WORK INSTRUCTION: Below are the records; give again exactly the lines from the one containing "REGISTER for the" through the one containing "演出以悦耳的笛子独奏《扬鞭催", leaving out pictures.

DATA FOR ANALYSIS:

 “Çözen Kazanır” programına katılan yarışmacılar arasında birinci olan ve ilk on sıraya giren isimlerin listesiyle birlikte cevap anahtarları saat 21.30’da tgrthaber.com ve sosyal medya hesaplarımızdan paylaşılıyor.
--
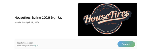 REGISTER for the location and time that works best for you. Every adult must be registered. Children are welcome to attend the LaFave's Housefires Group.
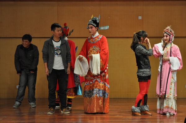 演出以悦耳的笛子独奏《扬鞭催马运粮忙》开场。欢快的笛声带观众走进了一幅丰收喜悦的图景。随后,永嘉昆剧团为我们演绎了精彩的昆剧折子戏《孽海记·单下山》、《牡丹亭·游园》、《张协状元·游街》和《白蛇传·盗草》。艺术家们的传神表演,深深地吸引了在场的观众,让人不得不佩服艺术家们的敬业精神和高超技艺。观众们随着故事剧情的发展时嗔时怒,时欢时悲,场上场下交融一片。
...
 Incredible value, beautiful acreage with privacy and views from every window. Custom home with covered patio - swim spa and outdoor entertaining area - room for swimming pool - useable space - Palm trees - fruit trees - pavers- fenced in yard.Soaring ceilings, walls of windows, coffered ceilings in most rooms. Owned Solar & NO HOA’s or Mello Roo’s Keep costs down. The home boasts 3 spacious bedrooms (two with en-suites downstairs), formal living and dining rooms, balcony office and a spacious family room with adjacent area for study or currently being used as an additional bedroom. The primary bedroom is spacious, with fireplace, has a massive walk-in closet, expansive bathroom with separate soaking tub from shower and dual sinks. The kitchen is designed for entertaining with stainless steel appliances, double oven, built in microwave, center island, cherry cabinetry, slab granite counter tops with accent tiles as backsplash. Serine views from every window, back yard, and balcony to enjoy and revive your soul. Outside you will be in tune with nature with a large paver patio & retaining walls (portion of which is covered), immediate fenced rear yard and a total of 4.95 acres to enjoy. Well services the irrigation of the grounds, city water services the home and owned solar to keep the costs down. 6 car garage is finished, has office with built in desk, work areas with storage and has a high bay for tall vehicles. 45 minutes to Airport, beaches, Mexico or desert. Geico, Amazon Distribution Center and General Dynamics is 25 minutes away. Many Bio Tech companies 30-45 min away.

YOUR SOLUTION:
 REGISTER for the location and time that works best for you. Every adult must be registered. Children are welcome to attend the LaFave's Housefires Group.
 演出以悦耳的笛子独奏《扬鞭催马运粮忙》开场。欢快的笛声带观众走进了一幅丰收喜悦的图景。随后,永嘉昆剧团为我们演绎了精彩的昆剧折子戏《孽海记·单下山》、《牡丹亭·游园》、《张协状元·游街》和《白蛇传·盗草》。艺术家们的传神表演,深深地吸引了在场的观众,让人不得不佩服艺术家们的敬业精神和高超技艺。观众们随着故事剧情的发展时嗔时怒,时欢时悲,场上场下交融一片。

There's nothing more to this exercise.